I have a contract with M1 for fiber Internet, iPhone, and wireless on my iPad. I want cable TV, but M1 has no offering. What do you suggest? I am looking for basic stuff in digital like:
Discovery
Channel news Asia
CNN
BBC
Standard US channels if possible CBS, NBC, FOX if possible.
No HBO, or any of that stuff.
I have no children, and have no interest in sports channels.

I do not want IP based TV. I am so sick of it freezing up.


----------



## Linuxpro (Jan 28, 2013)

BBCWatcher said:


> If you don't want IP TV, then StarHub, the monopoly cable TV company, is your only choice.


I just went to the Starhub store.
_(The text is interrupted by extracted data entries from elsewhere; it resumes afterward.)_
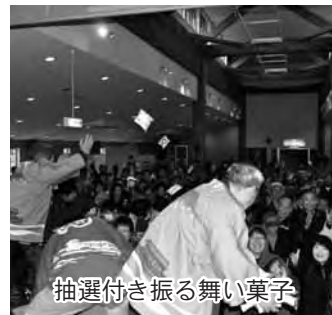
抽選付き振る舞い菓子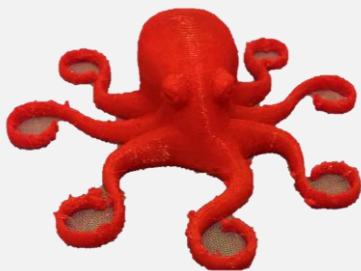
Objet imprimé en 3d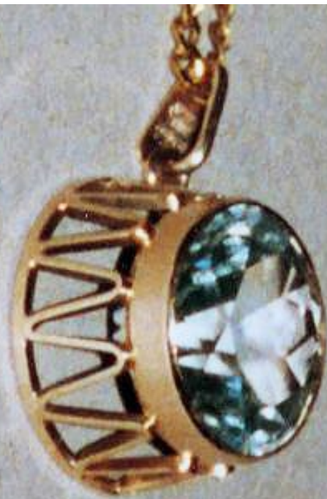
Kettenanhänger, massiv 333er Gold ca. 20 mm Durchmesser, hellblauer Stein, ähnl. Diamentschliff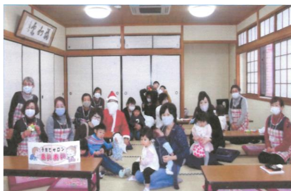
▲クリスマス会の集合写真です

誰でも気軽に参加でき、親子が楽しめる地域のたまり場、子ども同士の遊び場、子育ての悩みや育児ストレスを解消する場となるよう心がけています。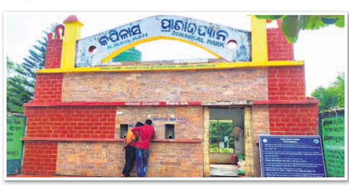
ପ୍ରାଣୀ ଉଦ୍ୟାନକୁ ନୂଆ ପ୍ରକାରିର ପ୍ରାଣୀ ଆସିଲେ ପର୍ଯ୍ୟଟକଙ୍କ ସଂଖ୍ୟା ଆହୁରି ବଢ଼ିବ, ଯାହା ରାଜ୍ୟ ଆଦାୟର ମାଧ୍ୟମ ପାଇଁ ବୋଲି ମତପ୍ରକାଶ ପାଇଛି। ସ୍ୱତନ୍ତ୍ର ଆନ୍ଦୋଳନ, ୧୯୭୯ ଜାନୁଆରୀ ୨୬ରେ ୫ ହେକ୍ଟର ପରିଧିରେ କପିଳାସ ପାଦଦେଶରେ ଡିମରପାର୍କରୁ ଆରମ୍ଭ ହୋଇଥିବା କପିଳାସ କୁରୁ ଐତିହାସିକ ଯାତ୍ରା। ପରବର୍ତ୍ତୀ ସମୟରେ ୨୪.୬୪ ହେକ୍ଟର ଜମିରେ ଏକ ମିନି କୁରୁ ନିର୍ମାଣ କରାଯାଇଥିଲା। ୧୯୯୫ ଏପ୍ରିଲ ୧ରେ ସେଣ୍ଟ୍ରାଲ କୁରୁ ଅଧିକାରୀ ଅଫ୍ ଇଣ୍ଡିଆ ଏହାକୁ ପୁଣିଥରେ ପ୍ରାଣୀ ଉଦ୍ୟାନର ମାନ୍ୟତା ଦେଇଥିଲା। ଏବେ ଏଠାରେ କାର୍ଯ୍ୟକ୍ରମ ଏଲିଫାଣ୍ଟ ରେସ୍‌କ୍ୟୁ ସେଣ୍ଟରରେ ୮ଟି ହାତୀ ଅଛନ୍ତି। ତନ୍ମଧ୍ୟରୁ ଡେକାନାଲ-ଅନୁଗୋଳ ସାମାନ୍ୟତା ମଣିଷ ମାରି ଆତଙ୍କ ସୃଷ୍ଟି କରିଥିବା ଦହାହାତୀ 'ରାଜେଶ' ମୂଳ ପରିବେଶରେ ଛଡ଼ାଯାଇଛି। ବନ ବିଭାଗର ଯତ୍ନରେ ଦାଦି ଉପବାପରେ ଏଥିଲାଗି ଦୃଷ୍ଟି ଆବଦ୍ଧ କରିଛନ୍ତି ରାଜ୍ୟ ସରକାର। ପ୍ରାୟ ୯୦ ଲକ୍ଷ ଟଙ୍କା ବ୍ୟୟରେ ହେବାକୁଥିବା ଉନ୍ନତମୂଳକ କାର୍ଯ୍ୟ ୨୪୭ ଜାବଜକୁ ଅଛନ୍ତି। ସେଥିରୁ ୧୨୪ଟି କୋରସୋରରେ ଆଗେଇ ଚାଲିଛି।

ବଦଳିବ କପିଳାସ ପ୍ରାଣୀ ଉଦ୍ୟାନର କଳେବର। ମାନ୍ୟତା ମିଳିବାର ଦୀର୍ଘ ୨୫ବର୍ଷ ପରେ କୁକୁ ଅଣାଯିବ କଲରାପତରିଆ। ଭୁବନେଶ୍ୱର, କୃଷ୍ଣସାଗର ମୁଖ, ଗୟଳ, କୋକିଶିଆଳି ଭଳି ଅନ୍ୟ ୧୦ ପ୍ରକାରିର ବନ୍ୟପ୍ରାଣୀ ଏହାର ବାଚାବରଣକୁ ସମୃଦ୍ଧ କରିବେ। ଏମାନଙ୍କ ରହିବା ପାଇଁ ନିର୍ମାଣ କରାଯାଇଛି ସ୍ୱତନ୍ତ୍ର ଏନ୍‌କ୍ଲୋଚର। ସୌକର୍ଯ୍ୟକରଣ କାମ ମଧ୍ୟ ଜୋରସୋରରେ ଆଗେଇ ଚାଲିଛି।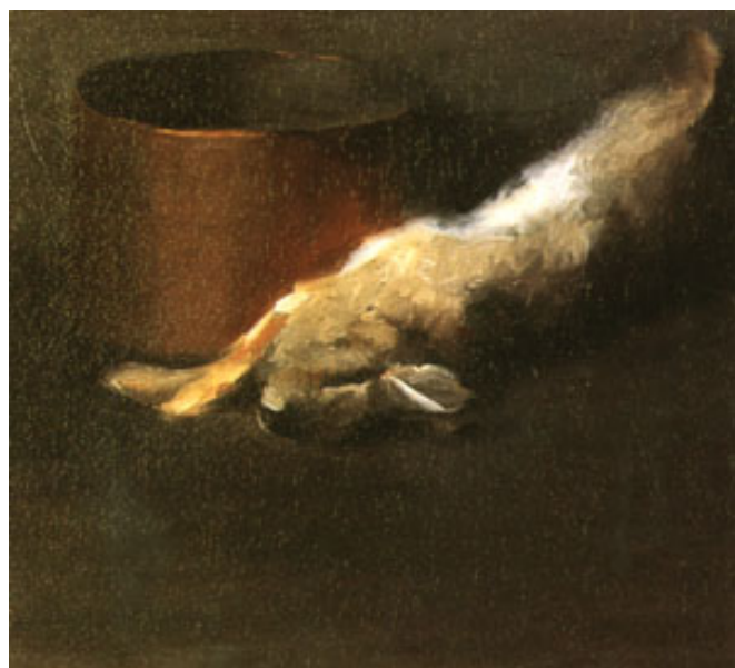
Coelho morto e panela de cobre de O’Keeffe, 1908.

Ela passa a experimentar a abstração e produz então uma série de imagens, feitas em carvão, um trabalho completamente diferente das pinturas figurativas que fazia, entre elas “desenho XIII”, que é exibidas pela primeira vez em Nova York, na galeria 291, galeria do fotógrafo Alfred Stieglitz (1864-1946) que futuramente tornaria se seu marido. Em 1918 toma a decisão de mudar de vez para Nova York e dedicar-se exclusivamente a arte.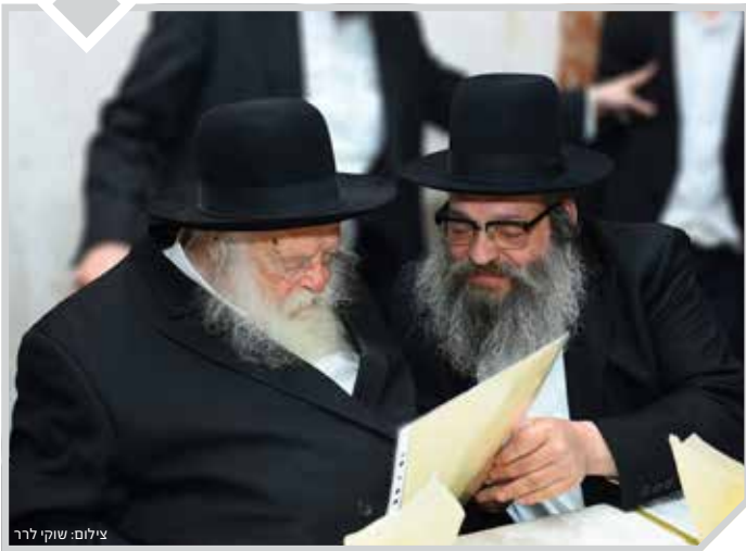
"ראשי אלפי ישראל הם" (במדבר א', ט"ז)

שיחה מרתקת במעון בנו הגדול של רשכבה"ג מרן שר התורה זיע"א יבלח"ט הגאון רבי אברהם ישעי' קניבסקי שליט"א ראש כולל 'ארחות יושר', על ששים שנות חיים בצילו של האבא מרן שר התורה זיע"א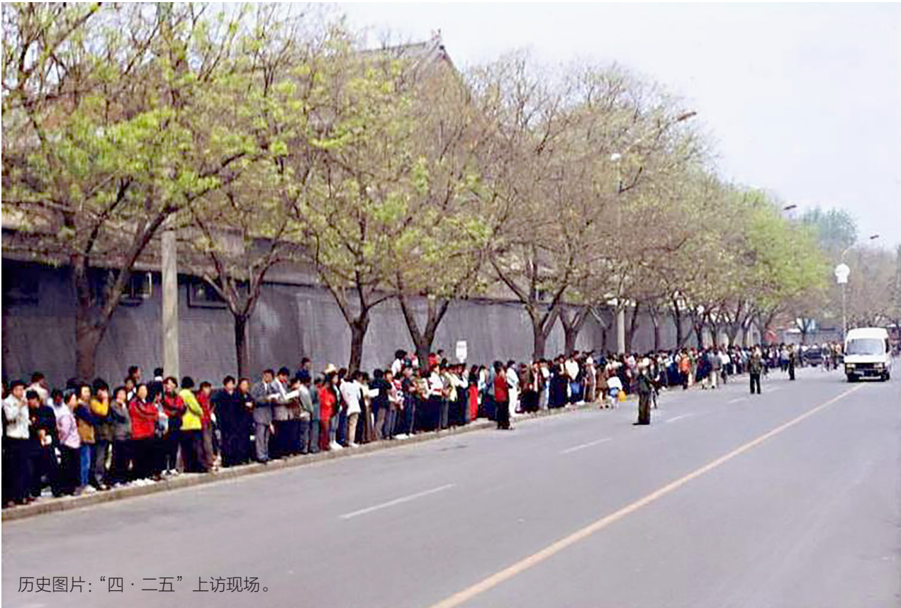
历史图片：“四·二五”上访现场。

相比之下，二十五年前的“四·二五”上访人群，衣着朴素整洁，言行平和自律，所站之处，尽量不给他人添麻烦，还自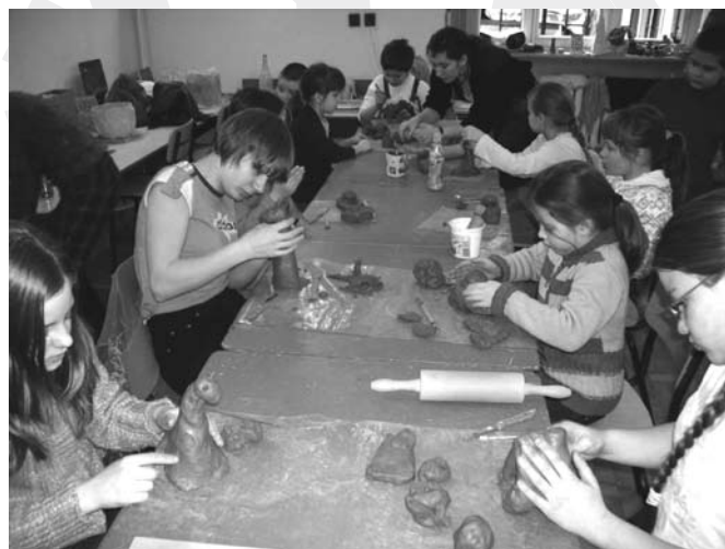
Ferie z ceramiką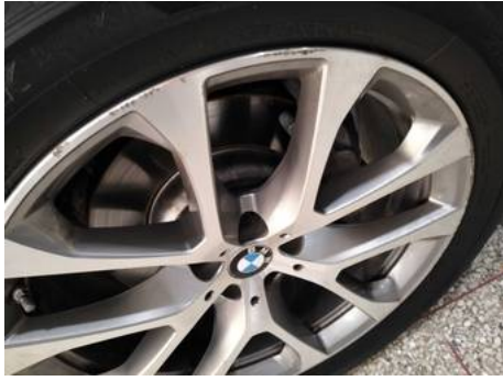
Jante alliage avant gauche (Rayure)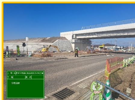
現場調査 基準点測量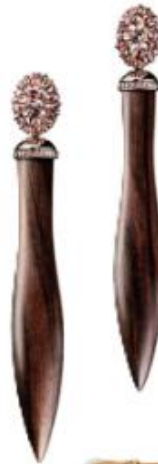
Ohrhänger „Excalbur“ aus Ebenholz, mit Saphiren, von JUWELENSCHMIEDE THOMAS JIRGENS , um 22.500 Euro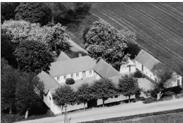
Maglebyvej 3 - Luftfoto 1979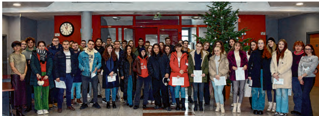
Grad Belišće osigurao je stipendije za ukupno 74 studenta

Kako je ovom prigodom u obraćanju okupljenima naglasila zamjenica gradonačelnika Ljerka Vučković, Grad Belišće nastavlja podržavati obrazovanje i budućnost svojih mladih sugrađana, osiguravši stipendi-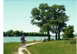
Der Rhein in Hattenheim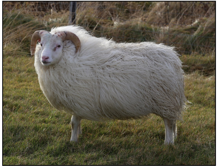
Fannar frá Svínafelli 23-925.

Finnska hugbúnaðarfyritækið Mtech er að útbúa fyrir okkur smáforrit til að nota í sæðingunum. Bændur panta sæðingu í gegnum forritið og skráningu lýkur um leið og sæðingu er lokið. Jafnframt heldur forritið utan um allan akstur og því mun liggja fyrir í lok dags akstur á hverja sæðingu á hverju svæði fyrir sig. Þörunaráætlun verður tengd við forritið og kæmi sjálfkrafa inn í pöntunina. Vonir standa til að forrit þetta verði tilbúið á árinu. Forritið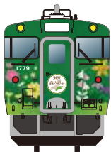
キハ40形「北海道の恵み」シリーズ車両 『道東 森の恵み』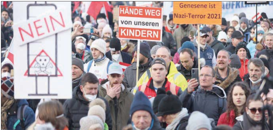
معارضون للتلقيح ضد «كورونا» يتظاهرون في فيينا يوم 8 يناير الجاري

بلدان أخرى، بهدف إعادة «الثقة» تدريجياً. وقال بهذا الصدد «إننا صدركون» أن العملية ستستغرق أشهراً، بل سنوات». كما يتحتم على الوكالة معالجة قصورها على صعيد مكافحة الإرهاب. وكشف التحقيق حول اعتداء فيينا الذي نفذه مهاجم من أنصار تنظيم «داعش» في نوفمبر (تشرين الثاني) 2020 عن ثغرات في عمل جهاز الاستخبارات الداخلية الذي لم يستجب لتحذيرات عديدة صدرت عن أجهزة استخبارات دول مجاورة خلال الأشهر التي سبقت الحادث الإرهابي.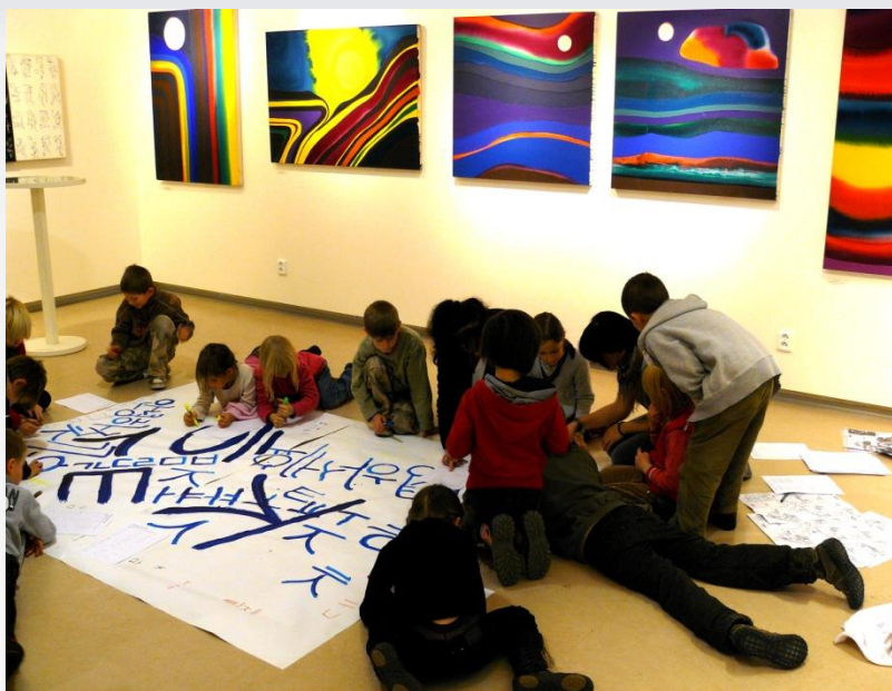
s Česko- korejskou společností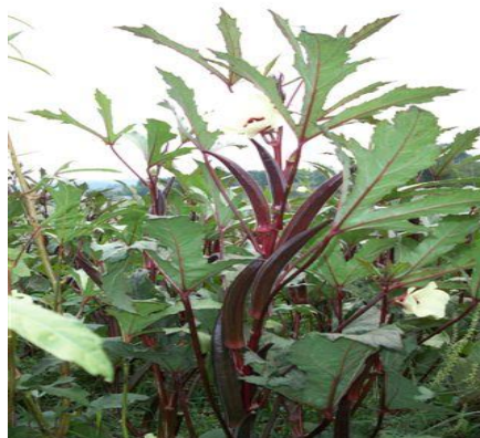
Slika 10.: Crvena indijska bamija

U zemljama Balkana, točnije u Bosni i Hercegovini i Makedoniji najčešće se uzgajaju domaći ekotipovi podrijetlom iz Bugarske i Turske.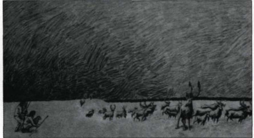
Cette illustration de Claire Fournier montre des chasseurs et un troupeau de caribous. (Villa Bagatelle).

Il y a 35 000 ans des humains d'origine asiatique traversent sur le territoire américain.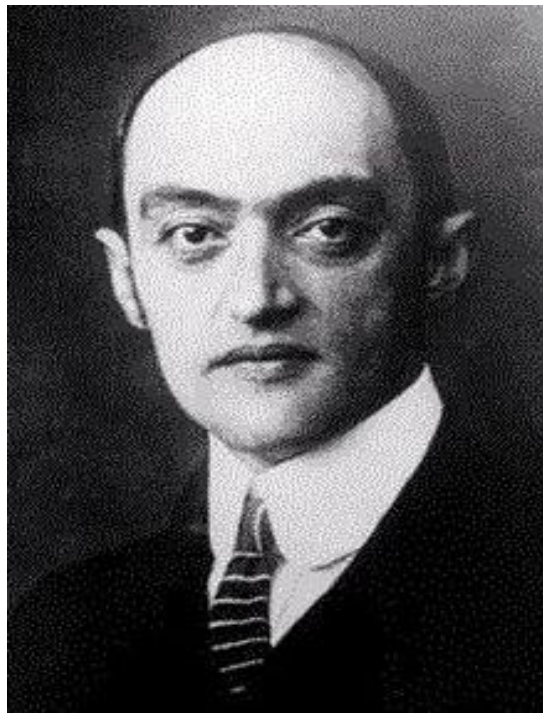
Joseph Schumpeter 1883-1950

L'entreprise et l'entrepreneur sont les clés du développement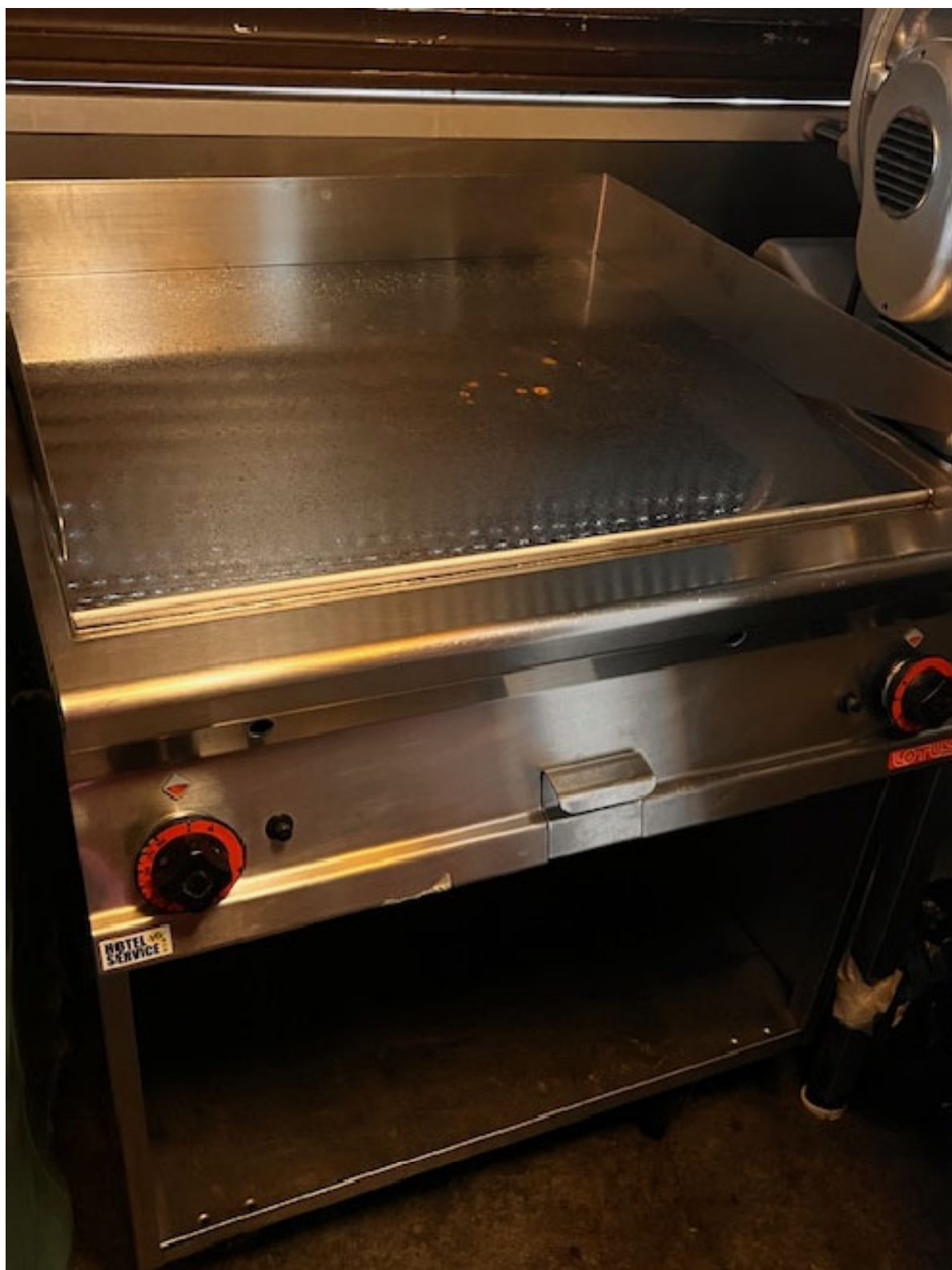
Figura 2 PIASTRA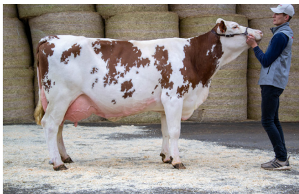
Detresse (Soja JB/Prelude JB) GAEC des 4 Vents Vanno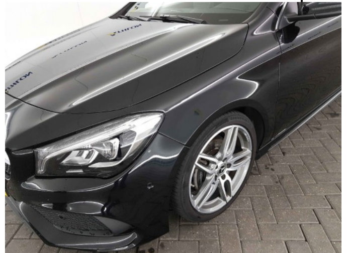
4. Slecht herstel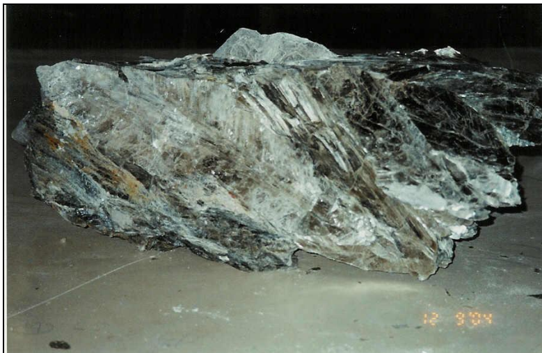
Figura 1 – Moscovita proveniente da província pegmatítica da Borborema (RN).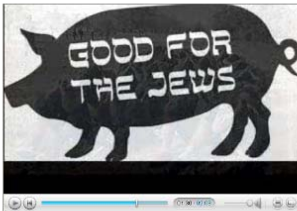
Porc sur lequel il est écrit "Bon pour les Juifs" (Du site Internet des Frères Musulmans, fondateurs du Hamas)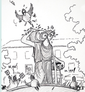
13. Jépida «La fontaine de la dame» coll. D. Libor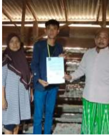
Gambar 2.3 Permohonan Surat Izin Kegiatan kepada UMKM Tempe

Permohonan Surat Izin kepada Pemilik UMKM Tempe untuk dapat melaksanakan kegiatan PKPM.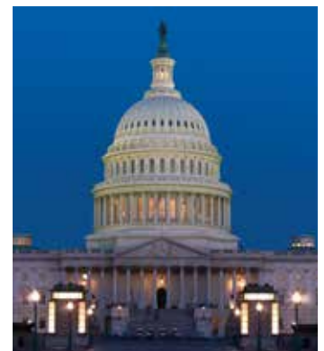
Campidoglio degli Stati Uniti

Il Congresso è il ramo legislativo del governo federale che rappresenta il popolo americano ed emana le leggi della nazione. Condivide il potere con il ramo esecutivo, guidato dal Presidente, e quello giudiziale, il cui massimo organo è la Corte Suprema degli Stati Uniti. Dei tre rami del governo, il Congresso è l'unico ad essere eletto direttamente dal popolo .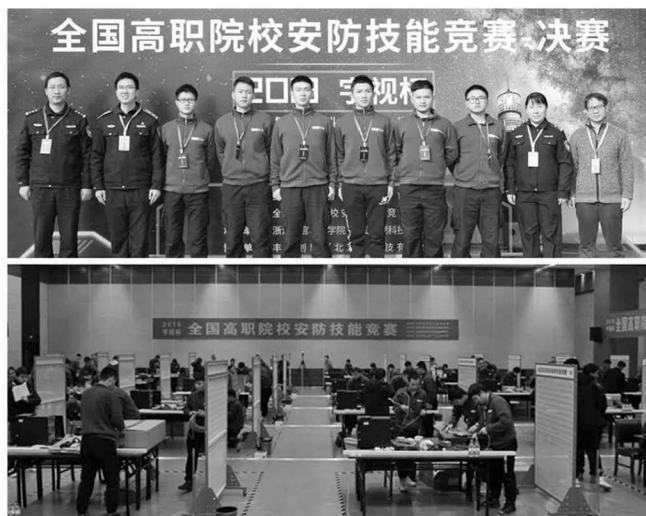
图 8 “宇视杯”全国高职院校安防技能竞赛

It appears that their prices are pretty good.


----------



## AnfieldKnight (Jan 30, 2013)

Starhub is pretty ok.
With the basic package, you can get at a good price.


----------



## woot (Mar 8, 2013)

Yeah I would believe Starhub has a wider choice for tv programmes.


----------



## Linuxpro (Jan 28, 2013)

I signed up for StarHub basic service. It will do as I need. I do not watch a great deal of broadcast TV.


----------



## waiaung (Nov 30, 2012)

Singapore has only two major cable TV operators. (StarHub and SingTel MiO)
StarHub is the obvious choice, and it is so much better compared to MiO, in terms of technology and channels lineup. Rates are comparable to MiO too!


----------



## Linuxpro (Jan 28, 2013)

waiaung said:


> Singapore has only two major cable TV operators. (StarHub and SingTel MiO)
> StarHub is the obvious choice, and it is so much better compared to MiO, in terms of technology and channels lineup. Rates are comparable to MiO too!


Good to know, thank you. My GF is from Myanmar. She likes Channel News Asia.


----------